I am stunned by the stories of redemption I have stumbled upon in the last few weeks, as Mane and I have been reading about Rosh Hashanah and Yom Kippur...the Jewish New Year and the Day of Cleansing. Perhaps these glimmers of redemption are always around me, but I don't notice them unless it's on my mind. I wonder how much I miss by just not paying attention and being present...how many droplets of redemption glimmer while I'm to busy trying to be perfect. Ironic, isn't it?
Mane and I embarked on a study of Jewish or Biblical Holidays as part of our homeschooling curriculum this year. My interest has been piqued by some mothers on the message board where I find some on-line support, advice & encouragement. I picked up a booked called The Family Treasury of Jewish Holidays from a thrift store, and then I was ready to embark on a journey to learn about the Biblical Holidays, the holidays that God designed to fill our lives with celebration, contemplation, joy, and introspection. These are the holidays that God created to mark our calendars and walk us through the year. It seems important, as Christian people, to at least know what they're about.
In our readings about Rosh Hashanah and Yom Kippur, we have encountered the Jewish idea of sin, which is simply, "missing the mark," and the idea that the New Year is a time to reflect on the things we've done right and wrong in the last year, the things we'd like to change, the things we need forgiveness for and the things we need to forgive. There is not a feeling of guilt or shame associated with this time, but a feeling of how valuable our mistakes are because they spur growth and help us seek and encounter God in our lives.

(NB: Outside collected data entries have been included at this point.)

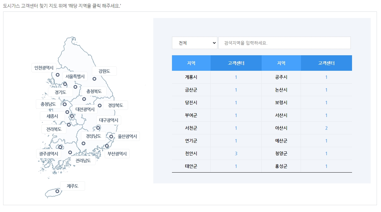 \ 선택한 지역에 따라, 해당 지역을 담당하는 도시가스 회사 정보가 나타납니다. 천안시의 경우 한 개의 회사가 가스를 제공하지만 고객센터는 다를 수 있습니다. 도시가스사명을 클릭하여 추가 정보를 얻을 수 있습니다.
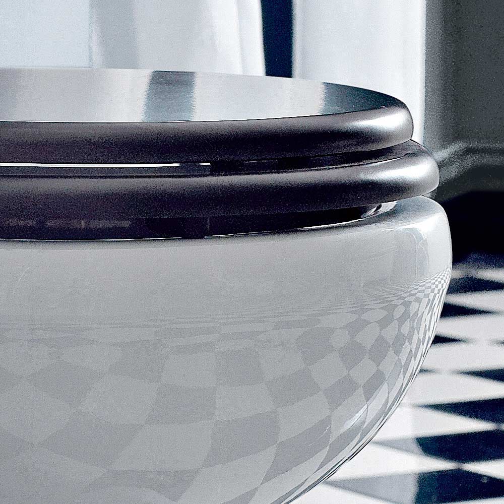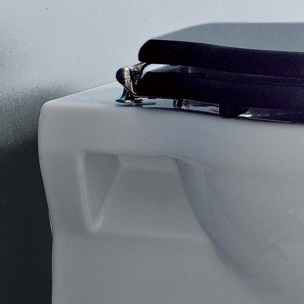 de cerámica, con un asiento de negro mate y bisagras de níquel.
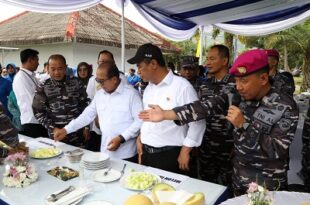 Pesawaran (MM)- Pj. Gubernur Lampung Samsudin mendampingi kunjungan kerja Menteri Pertanian Andi Amran Sulaiman dan Kepala Staf Angkatan Laut yang diwakili Wakil Kepala Staf Angkatan Laut Erwin S. Aldedharma dalam rangka meninjau program ketahanan pangan, di Markas Komando Brigade Infanteri (Brigif) 4, Kecamatan Padang Cermin, Kabupaten Pesawaran, Rabu (10/07/2024). Rombongan …
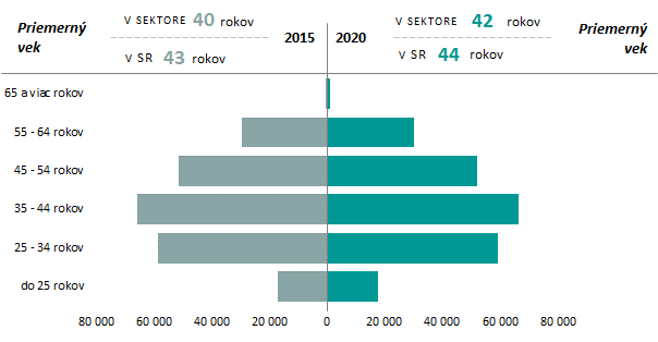 Sektor patrí medzi mladšie sektory z hľadiska veku zamestnancov. Vyšší priemerný vek majú zamestnanci v 88 % sektorov. Priemerný vek zamestnancov v sektore je o 2 roky nižší ako v SR. V celej SR má 24 % zamestnancov 55 a viac rokov, v sektore je ich podiel na úrovni 18 %. Ak sektor definujeme podľa sektorových zamestnaní, priemerný vek zamestnancov je vyšší, na úrovni 43 rokov (Graf č. 7). Divíziou s najnižším priemerným vekom (v roku 2020) je 29 Výroba motorových vozidiel, návesov a prívesov (priemerný vek bol 40 rokov), s najvyšším priemerným vekom divízia 33 Oprava a inštalácia strojov a prístrojov (priemerný vek bol 45 rokov).
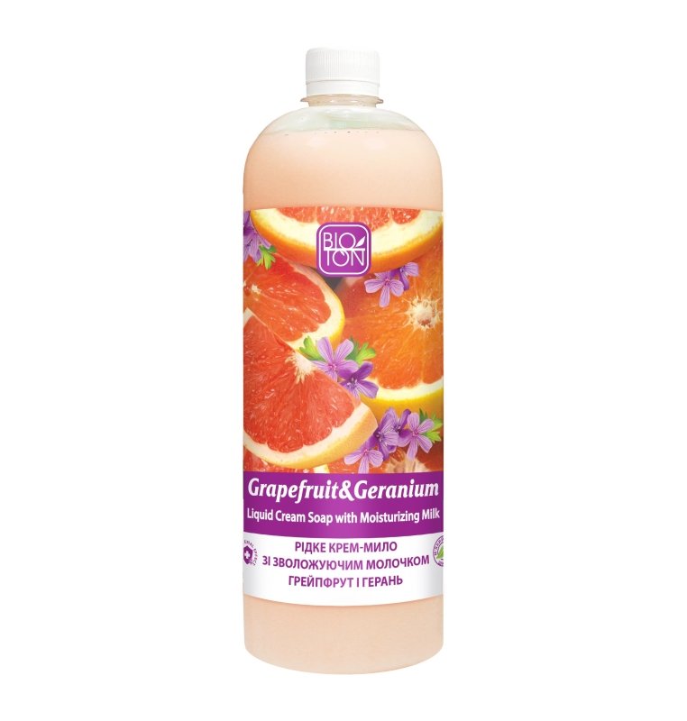 BIOTON Skystas kreminis-muilas Greipfrutas ir pelargonija su drekinamuoju pieneliu, 1 l
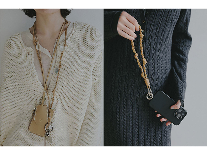 スクエアパースキーホルダー、レザーコードショートマルチストラップともベージュ・ブルー・ブラウンの3色展開。
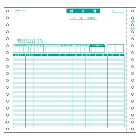 | 商品仕様 | ●複写枚数:2枚●サイズ:9”×91/2”(縦228.6×横241.3mm)●ミシン目切離し時サイズ:横幅88/10”(223.5mm) |
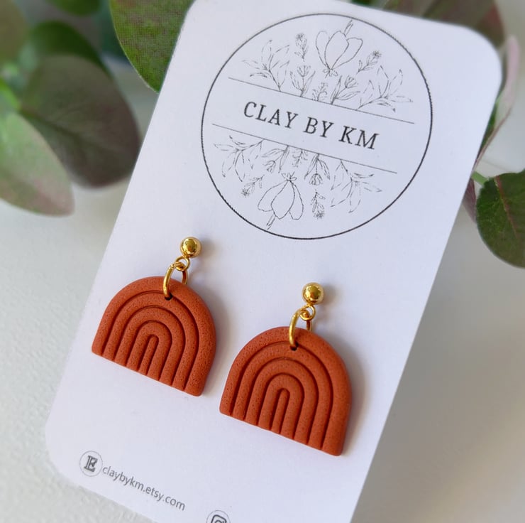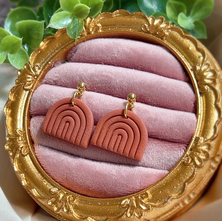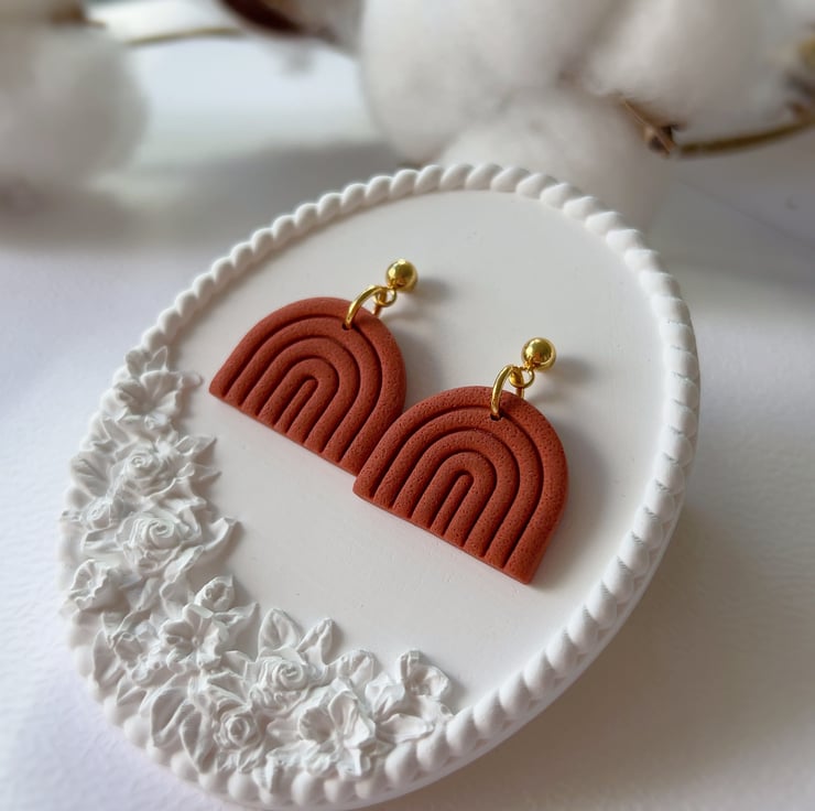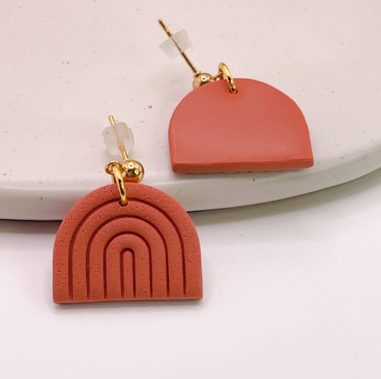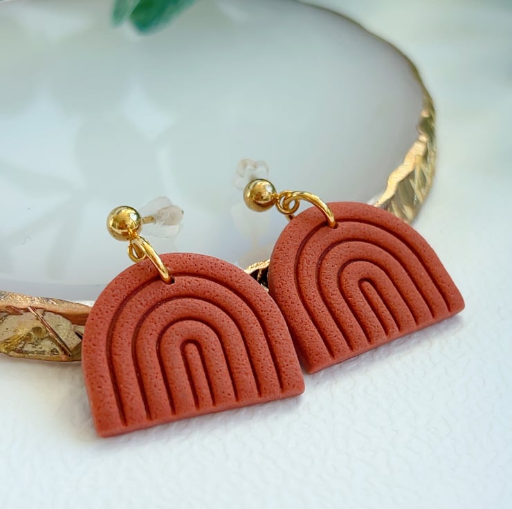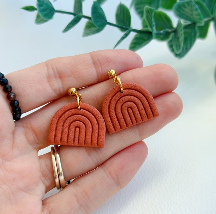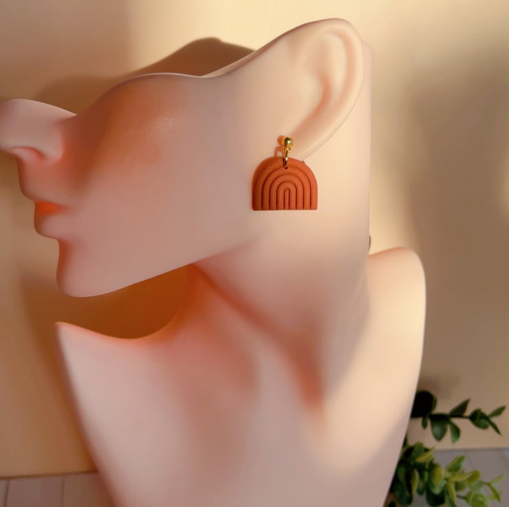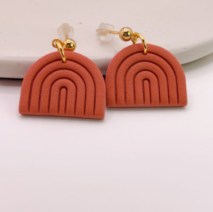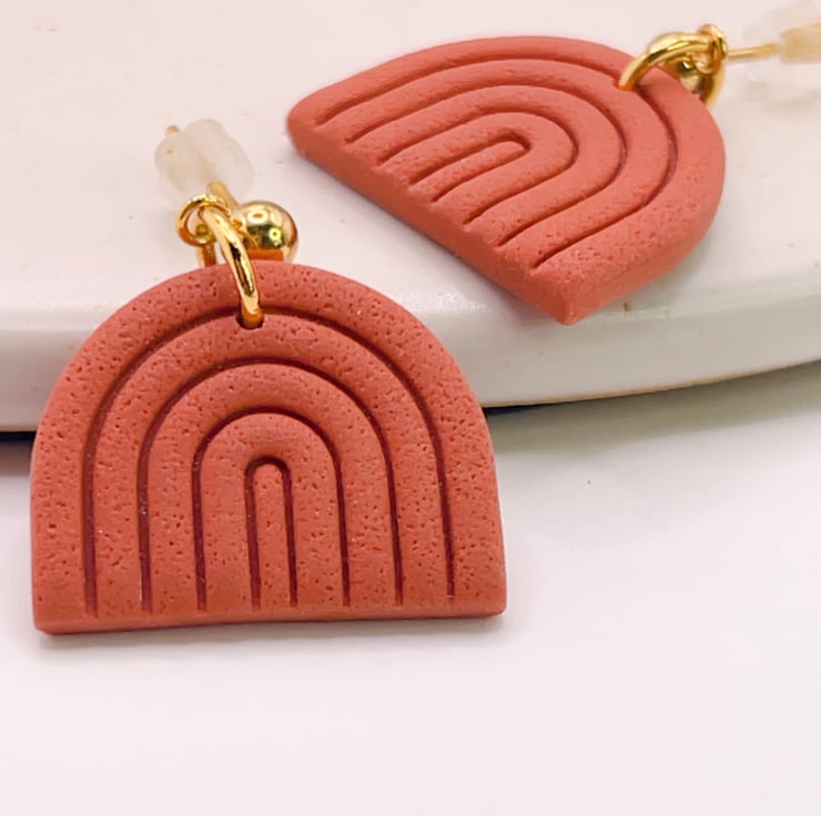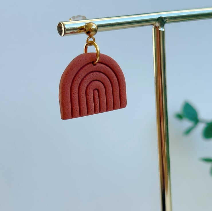 Minimalist rainbow-shaped earrings in a warm terracotta shade.

I cannot begin to tell you how fresh and beautiful this message feels. Jewish tradition is that the pieces of the stone tablets that were broken when Moses threw them down in anger were to be kept in the Ark of the Covenant because the mistake was holy, too. Can you believe it? Holy mistakes?! Mane struggles, as I do, with admitting and moving past mistakes. It's hard to be a perfectionist. Hard to be the child of a perfectionist. Hard to be the grandchild and great-grandchild of a perfectionist. It is both humbling and agonizing to see my own tendencies repeated in my child, and I am praying for freedom for both of us as we learn to re-frame mistakes as holy, as moments to learn and to encounter God.
Two friends of mine wrote beautiful blog posts this week about the redemption of their mistakes, even unintentional ones. Something Good From Something Bad is a story by a journalist-turned-full-time-mom friend of mine. Rewriting My Name is by the ever-popular Heather of the EO. ;) They have said it so well. I hardly need to restate what has already been said.